"""
long_context_vs_rag.py  -  RAG from First Principles, Part 11 ("Evaluating RAG")
A companion experiment: long-context LLM vs RAG, measured head-to-head.

"Context windows are huge now, so RAG is dead." You have heard it. This file is
the honest, runnable answer. It is NOT "RAG is dead" and it is NOT "RAG always
wins". The long-context-vs-RAG debate is real, and the answer is the least
satisfying one in engineering: IT DEPENDS -- on corpus size, query type, and
budget. So instead of arguing, we measure.

The trap with this measurement is data leakage. If you ask a real model "what
year was the French Revolution", it answers from PRETRAINING, not from your
documents -- and then "long context" looks magically accurate for the wrong
reason. The fix (used by the U-NIAH benchmark, arXiv 2503.00353) is a SYNTHETIC,
FICTIONAL corpus with inserted "needles": facts stated in unique invented tokens
that appear in no training set anywhere. If the answer is right, it came from the
text in front of the model -- never from memorized knowledge.

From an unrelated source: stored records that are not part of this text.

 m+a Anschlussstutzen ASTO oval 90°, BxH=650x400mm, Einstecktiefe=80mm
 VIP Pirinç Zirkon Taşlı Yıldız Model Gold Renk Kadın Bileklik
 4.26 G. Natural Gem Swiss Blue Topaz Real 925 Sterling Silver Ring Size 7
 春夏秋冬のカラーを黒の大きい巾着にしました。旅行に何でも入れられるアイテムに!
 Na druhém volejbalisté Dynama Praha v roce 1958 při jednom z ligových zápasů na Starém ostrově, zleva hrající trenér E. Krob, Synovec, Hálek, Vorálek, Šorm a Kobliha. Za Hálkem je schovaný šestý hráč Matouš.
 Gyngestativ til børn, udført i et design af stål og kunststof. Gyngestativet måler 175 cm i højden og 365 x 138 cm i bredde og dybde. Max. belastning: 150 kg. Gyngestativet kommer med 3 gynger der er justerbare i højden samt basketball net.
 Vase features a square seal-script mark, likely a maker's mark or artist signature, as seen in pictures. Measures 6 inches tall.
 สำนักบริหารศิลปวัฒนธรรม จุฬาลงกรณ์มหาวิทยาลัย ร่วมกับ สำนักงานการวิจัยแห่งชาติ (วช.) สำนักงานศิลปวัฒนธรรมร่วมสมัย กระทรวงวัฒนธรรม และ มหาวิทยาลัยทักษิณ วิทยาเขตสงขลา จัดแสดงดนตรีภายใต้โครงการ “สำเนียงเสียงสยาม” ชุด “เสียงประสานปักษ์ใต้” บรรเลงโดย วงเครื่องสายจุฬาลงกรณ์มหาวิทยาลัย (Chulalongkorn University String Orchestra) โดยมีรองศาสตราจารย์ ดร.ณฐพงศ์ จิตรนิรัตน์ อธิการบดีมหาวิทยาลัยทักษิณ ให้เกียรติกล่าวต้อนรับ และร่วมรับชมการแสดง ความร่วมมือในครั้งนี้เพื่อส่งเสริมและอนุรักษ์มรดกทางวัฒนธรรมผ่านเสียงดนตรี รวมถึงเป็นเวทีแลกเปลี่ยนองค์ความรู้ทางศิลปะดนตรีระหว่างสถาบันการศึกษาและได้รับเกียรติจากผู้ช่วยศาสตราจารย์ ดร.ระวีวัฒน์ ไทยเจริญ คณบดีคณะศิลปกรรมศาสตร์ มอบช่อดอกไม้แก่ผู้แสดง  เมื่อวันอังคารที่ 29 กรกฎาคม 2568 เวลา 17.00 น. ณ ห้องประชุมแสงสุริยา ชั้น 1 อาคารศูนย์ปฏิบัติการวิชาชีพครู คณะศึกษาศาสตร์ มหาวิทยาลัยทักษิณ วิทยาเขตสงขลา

We build a tiny fictional world ("Starlight Academy") and two strategies:

  - llm_alone(question, corpus): stuff the WHOLE corpus into the context window
    and scan it for the answer. Cost = every token, every time.
  - rag(question, corpus, k):    retrieve the top-k chunks by a deterministic
    embedder's cosine, then answer from just those. Cost = retrieved tokens only.

Both "answer" by the same offline, transparent rule -- a substring search for the
gold needle -- and we score accuracy by needle match. We tabulate accuracy, cost
(token count), and a latency proxy (tokens scanned) across a couple of corpus
sizes, so you can watch the tradeoff move as the haystack grows.

The two pragmatic syntheses worth knowing (both cited in the Part 11 essay):
  - Self-Route (Li et al., EMNLP 2024 industry track, arXiv 2407.16833): let a
    cheap router send easy queries to long-context and hard ones to RAG.
  - LaRA (Li et al., ICML 2025, arXiv 2502.09977): a benchmark whose own title
    says it plainly -- "No Silver Bullet for LC or RAG Routing".

Run (pure standard library + numpy, no API key, no model, no network):

    python long_context_vs_rag.py

This is deliberately a TOY. Real long-context models suffer "lost in the middle"
effects this substring oracle does not model; real retrieval can miss the needle
when paraphrased. The point is the SHAPE of the tradeoff (flat-ish RAG cost vs
linearly-growing long-context cost at equal accuracy on clean needles), not a
benchmark number to quote.

================================ Expected output ===============================
(pasted verbatim from a real offline run: `python long_context_vs_rag.py`)

==============================================================================
LONG-CONTEXT LLM vs RAG  -  a fictional-corpus, no-leakage head-to-head
==============================================================================
Fictional world: Starlight Academy. Needles use invented tokens, so a
correct answer can ONLY come from the text in front of the model --
never from anything it memorized in pretraining.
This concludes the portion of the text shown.